● Exercise data:
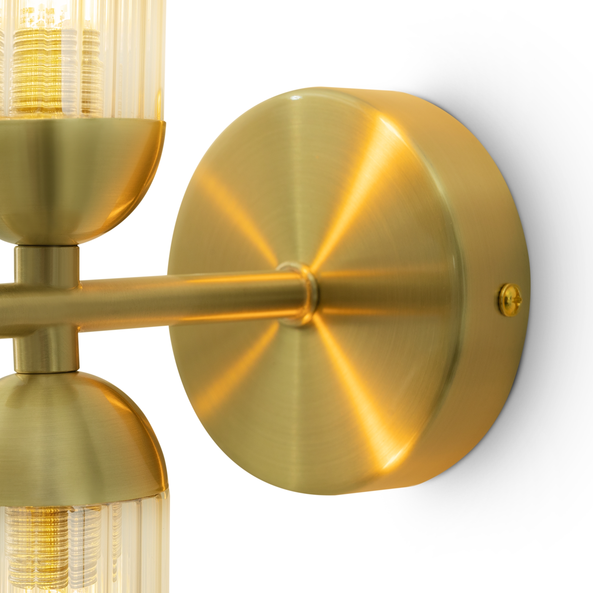 Арматура из металла, цвет — золото. Рельефные плафоны в тренде ZIGZAG. Материал — стекло, цвет — янтарный. Высота подвесных светильников регулируется. Плафоны закреплены на металлическую сферу. Источник света — лампа с цоколем G9.
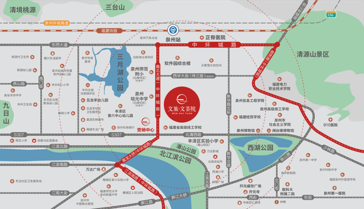 文旅·文荟院位于泉州市中心,与其它大社区项目不同的是,项目临近泉州古城,驾驶电动车15分钟即可抵达泉州开元寺、西街,不仅能轻松与泉州繁荣的烟火气紧密相连,且周边不远处有老泉州人习惯游览的清源山、西湖公园,离正在建设的“新西湖”也非常近。
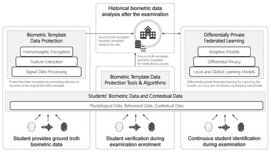 - Fidas, C.; Belk, M.; Portugal, D.; Pitsillides, A. Privacy-preserving Biometric-driven Data for Student Identity Management: Challenges and Approaches. In Proceedings of the ACM User Modeling, Adaptation and Personalization (UMAP 2021), Utrecht, The Netherlands, 21–25 June 2021; pp. 368–370. [Google Scholar]
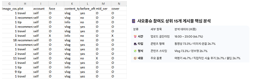 게시 후 노출, 저장, 댓글 데이터를 분석하여 가이드라인으로 제작, 다음 콘텐츠 전략에 반영합니다.
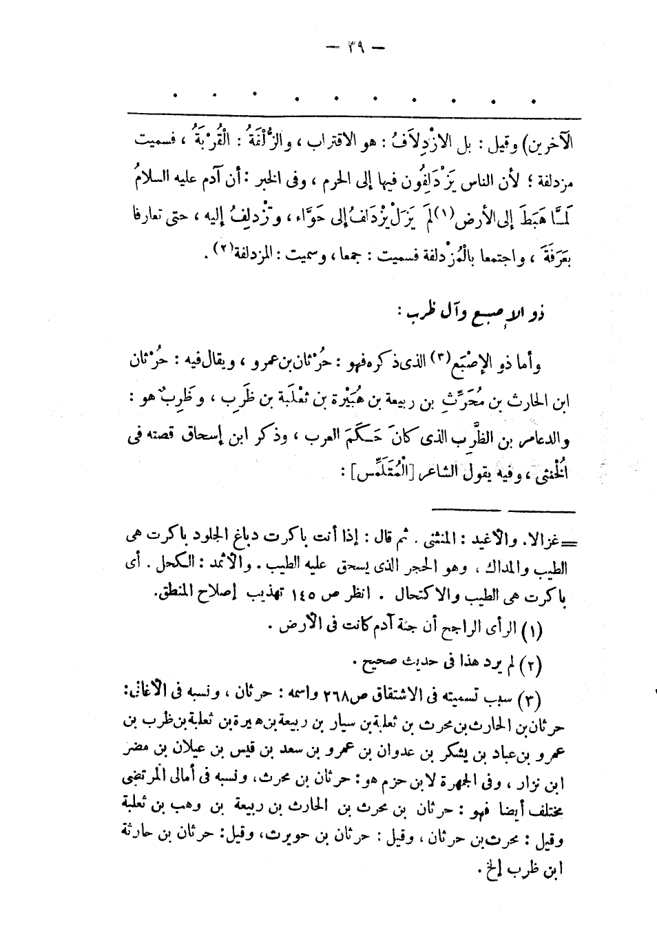 وَأَمّا ذُو الْإِصْبَعِ «3» الّذِي ذَكَرَهُ فَهُوَ: حُرْثَانُ بْنُ عَمْرٍو، وَيُقَالُ فِيهِ: حرثان ابن الْحَارِثِ بْنِ مُحَرّثِ بْنِ رَبِيعَةَ بْنِ هُبَيْرَةَ بن ثعلبة بن ظرب، وظرب هو:
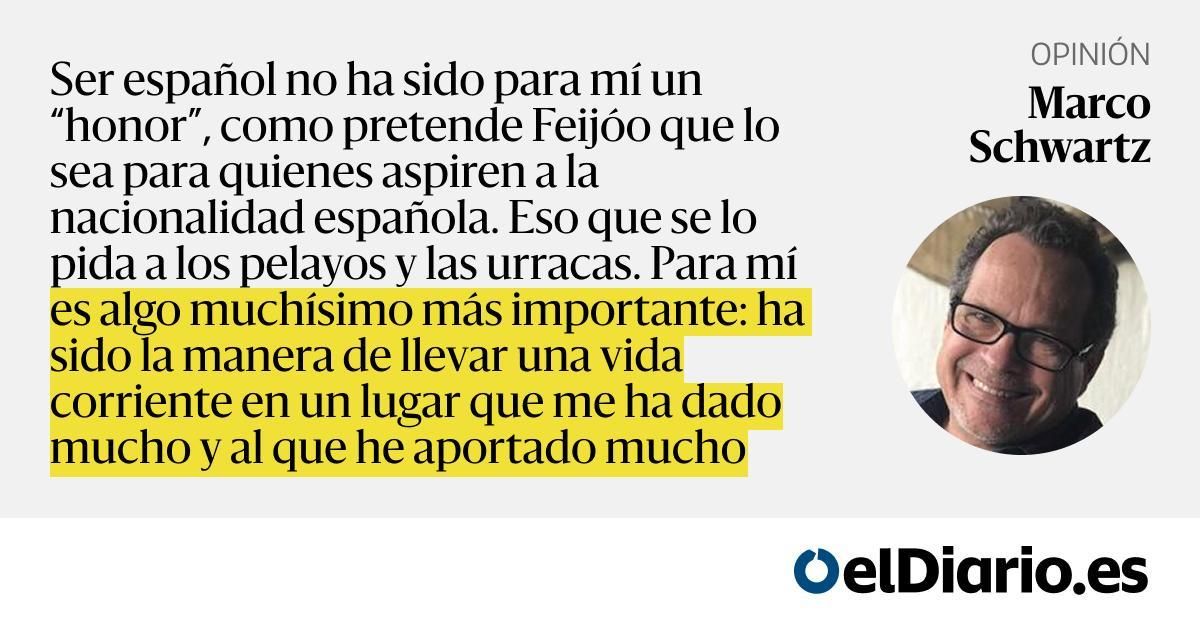 Ser español no ha sido para mí un honor, como pretende Feijóo que lo sea para quienes aspiren a la nacionalidad española. Eso que se lo pida a los pelayos y las urracas. Para mí es algo muchísimo más importante: ha sido la manera de llevar una vida corriente en un lugar que me ha dado mucho y al que...

● Description of the task:
Restate each entry word for word, please, but drop any images it holds.

● The completed task:
 Арматура из металла, цвет — золото. Рельефные плафоны в тренде ZIGZAG. Материал — стекло, цвет — янтарный. Высота подвесных светильников регулируется. Плафоны закреплены на металлическую сферу. Источник света — лампа с цоколем G9.
 文旅·文荟院位于泉州市中心,与其它大社区项目不同的是,项目临近泉州古城,驾驶电动车15分钟即可抵达泉州开元寺、西街,不仅能轻松与泉州繁荣的烟火气紧密相连,且周边不远处有老泉州人习惯游览的清源山、西湖公园,离正在建设的“新西湖”也非常近。
 - Fidas, C.; Belk, M.; Portugal, D.; Pitsillides, A. Privacy-preserving Biometric-driven Data for Student Identity Management: Challenges and Approaches. In Proceedings of the ACM User Modeling, Adaptation and Personalization (UMAP 2021), Utrecht, The Netherlands, 21–25 June 2021; pp. 368–370. [Google Scholar]
 게시 후 노출, 저장, 댓글 데이터를 분석하여 가이드라인으로 제작, 다음 콘텐츠 전략에 반영합니다.
 وَأَمّا ذُو الْإِصْبَعِ «3» الّذِي ذَكَرَهُ فَهُوَ: حُرْثَانُ بْنُ عَمْرٍو، وَيُقَالُ فِيهِ: حرثان ابن الْحَارِثِ بْنِ مُحَرّثِ بْنِ رَبِيعَةَ بْنِ هُبَيْرَةَ بن ثعلبة بن ظرب، وظرب هو:
 Ser español no ha sido para mí un honor, como pretende Feijóo que lo sea para quienes aspiren a la nacionalidad española. Eso que se lo pida a los pelayos y las urracas. Para mí es algo muchísimo más importante: ha sido la manera de llevar una vida corriente en un lugar que me ha dado mucho y al que...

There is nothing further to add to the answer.